Nato a Viadana nel 1906, di origini umilissime, Ghizzardi ha portato fin da subito nella sua pittura, l’impronta segnata dalla vita dura del contadino. Dipingere era per lui un modo per godersi la vita, di ritrarre le cose che vedeva e che lo commuovevano. Il giovane pittore provvedeva perfino a distillare le erbe, come i monaci medioevali, per farne dei colori e questo basterebbe a farcelo simpatico: un giovane fuori dalla mediocrità, fin dal principio.
Il primo riconoscimento per le sue opere Ghizzardi lo riceve solo nel 1961, con la prima importante mostra d’arte “Città di Guastalla”. Nel 1968 espone alla mostra nazionale dei Naifs, nella “Città di Luzzara”, dove riceve la medaglia d’oro del Presidente della Repubblica. Ma il successo pieno arriva nel 1977, quando vince il “Premio letterario Viareggio” con l’autobiografia Mi richordo anchora, con note di Cesare Zavattini.
Le sue figure femminili, i volti di donne, i corpi seminudi, a volte pornografici, sono le icone della sua pittura, quelle celebri e quelle semplicemente incontrate, considerate una chiave di lettura primaria per scoprire il suo mondo pittorico ed umano, fatto di passioni travolgenti e di inquietudini della mente. Le sue figure di donne con le mammelle esposte e le gambe scosciate, rimangono come fantasmi suggeriti da un istinto che si esprime in puri termini di fantasia.

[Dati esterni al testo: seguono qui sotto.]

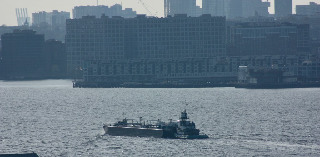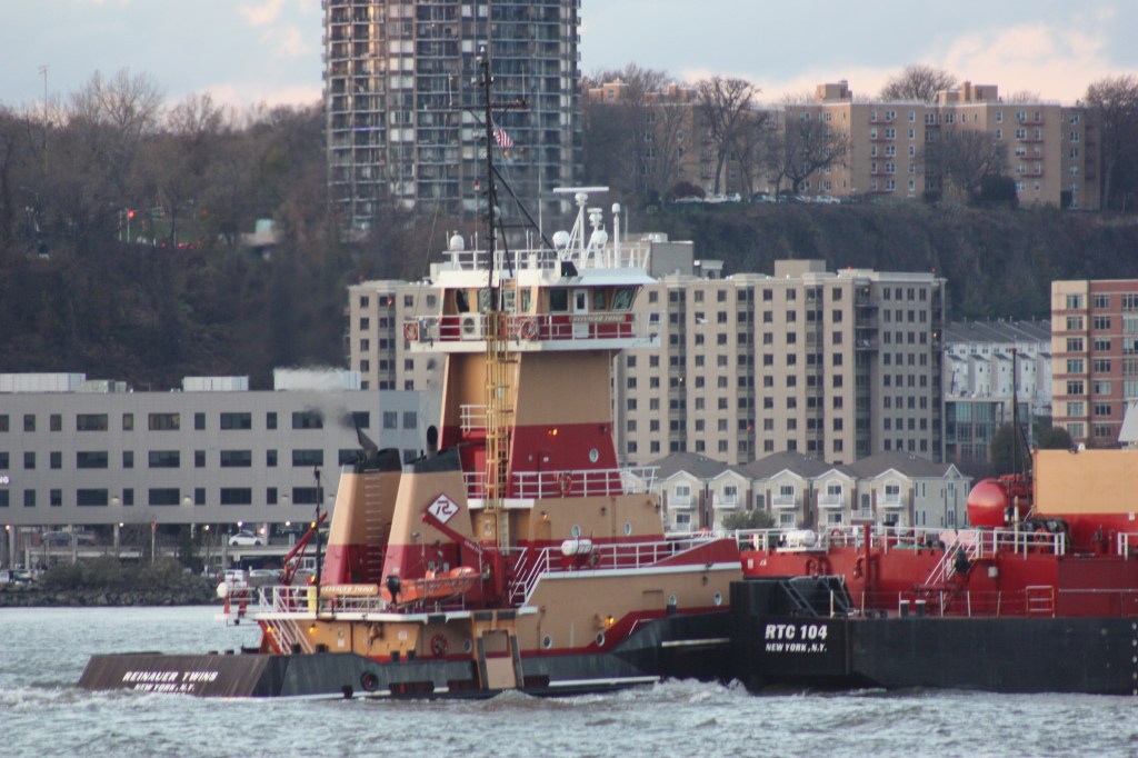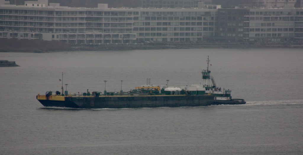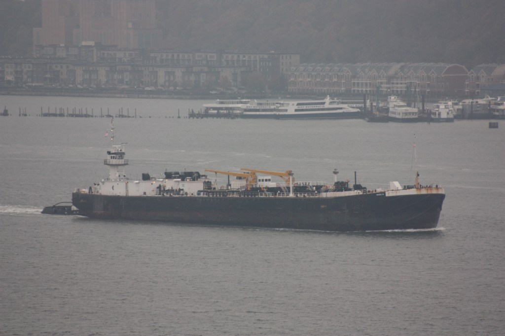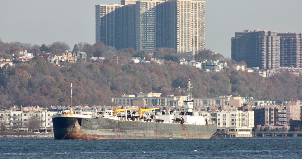 Activity on the River was unsurprisingly subdued over Thanksgiving, but Friday seemed to bring a wave of catch up traffic. Three tug/barge combinations were anchored in the River at sunrise on Thanksgiving, but by afternoon the Kimberly Poling had pulled up her hook and headed for Raritan Bay for the overnight. Adeline Marie made an early Friday departure for the Upper Bay, but then came back and reanchored, still with her light barge. Cape Lookout was back at work though, leaving Friday morning and heading for the Phillips Bayway terminal on the Arthur Kill. Saint Emilion and Copper Mountain seemed to have exchanged a barge Friday morning off Yonkers.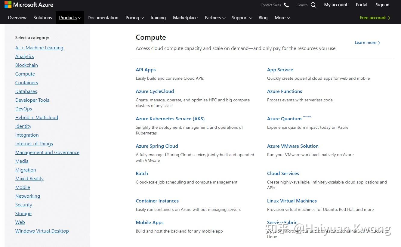 | 计算机运算 | Azure虚拟机(Linux和Windows) |

Il colore in Ghizzardi è spesso assente. Sostituito da tinte nere, caliginose. Il pittore si affida specialmente al contorno nero che delinea la figura, rendendola parte di un mondo assente, irreale, quasi fumettistico. In Ghizzardi esiste il sentimento dell’Art Brut, che manifesta il sentimento primario delle sue emozioni. Egli è il pittore contadino per eccellenza, sicuramente emarginato, come lo era stato un altro suo celebre pittore padano, come Antonio Ligabue.
Proprio il Centro Studi Antonio Ligabue, di Parma, presieduto dall’editore Augusto Agosta Tota, ha in programma l’edizione di una monografia completa e oroginale, di tutte le opere esistenti di Pietro Ghizzardi, in collaborazione con la Casa Museo Pietro Ghizzardi di Boretto, che detiene i diritti dell’artista.
La prestigiosa pubblicazione, ancora in fase di progetto, verrà curata da Marzio Dall’Acqua e da Vittorio Sgarbi, che è stato fin dall’inizio uno dei più importanti sostenitori e promotori dell’opera dell’artista padano.